**Given information**
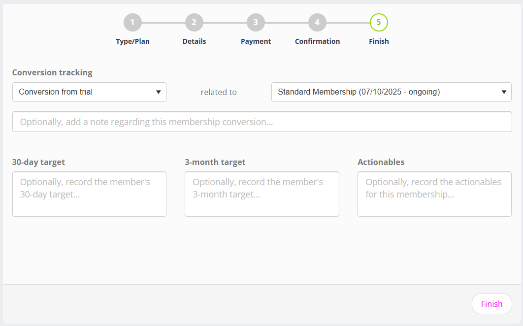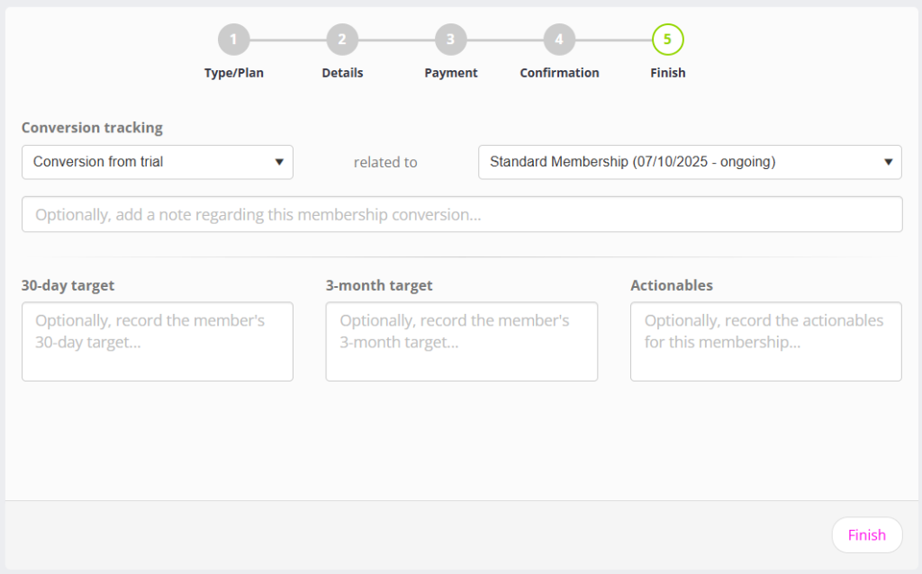 - Within the final step of adding a membership, you may indicate if the membership was a conversion from a previous plus add goals and aims.
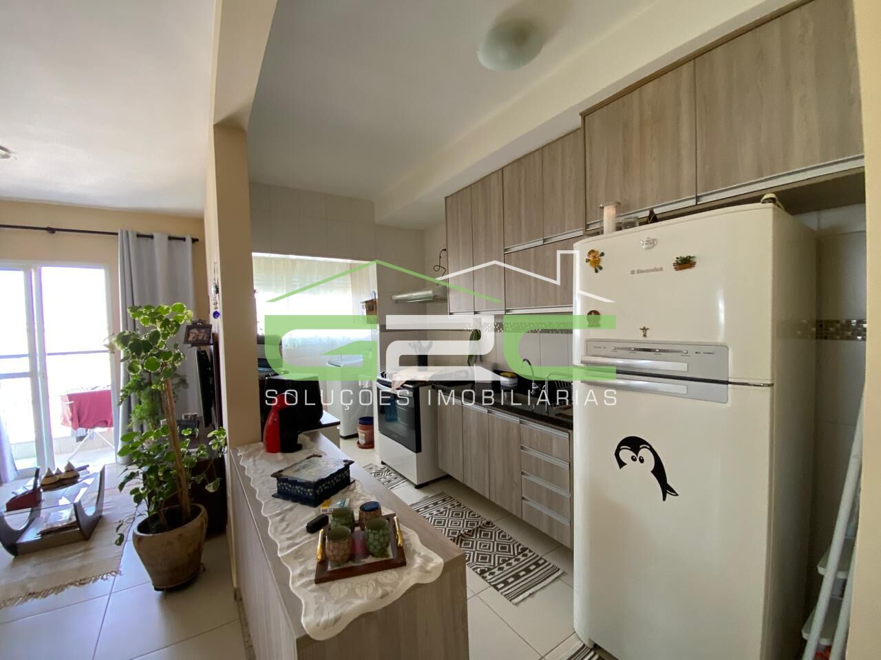 Apartamento novo no último andar, possui 2 dormitórios com armários, sendo 1 suíte, sala de estar e jantar integradas com sacada, banheiro social com armário, box em vidro e espelho. Cozinha americana e lavanderia com armários
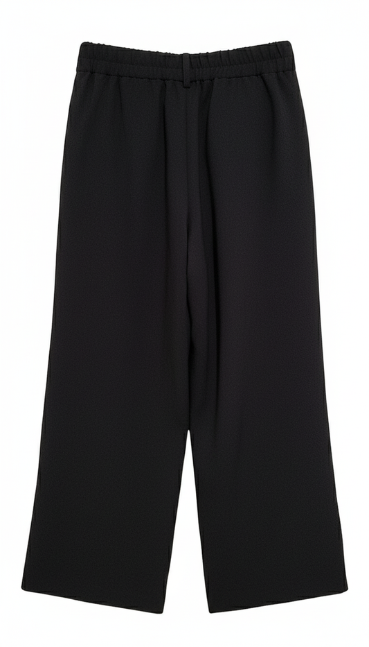 Pantaloni a gamba larga da ragazza in tessuto nero strutturato, con vita alta e cintura in tessuto annodata sul davanti. Il taglio flare dona slancio alla silhouette, mentre le tasche laterali e i passanti in vita aggiungono funzionalità e stile. Perfetti per outfit casual-chic o eleganti, da abbinare a crop top, bluse satinate o felpe grafiche per un look deciso e versatile.
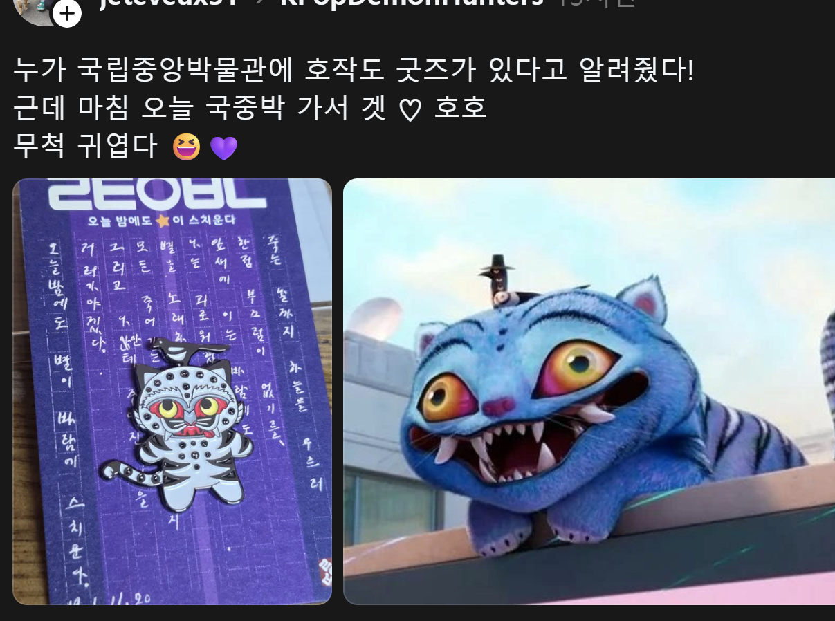 Q 케데헌에 나오는 수상이와 망충이 굿즈가 왜 국중박에 있죠?

**Exercise goal**
Set down all of the material above exactly as written, leaving the pictures out.

**Result of this task**
 - Within the final step of adding a membership, you may indicate if the membership was a conversion from a previous plus add goals and aims.
 Apartamento novo no último andar, possui 2 dormitórios com armários, sendo 1 suíte, sala de estar e jantar integradas com sacada, banheiro social com armário, box em vidro e espelho. Cozinha americana e lavanderia com armários
 Pantaloni a gamba larga da ragazza in tessuto nero strutturato, con vita alta e cintura in tessuto annodata sul davanti. Il taglio flare dona slancio alla silhouette, mentre le tasche laterali e i passanti in vita aggiungono funzionalità e stile. Perfetti per outfit casual-chic o eleganti, da abbinare a crop top, bluse satinate o felpe grafiche per un look deciso e versatile.
 Q 케데헌에 나오는 수상이와 망충이 굿즈가 왜 국중박에 있죠?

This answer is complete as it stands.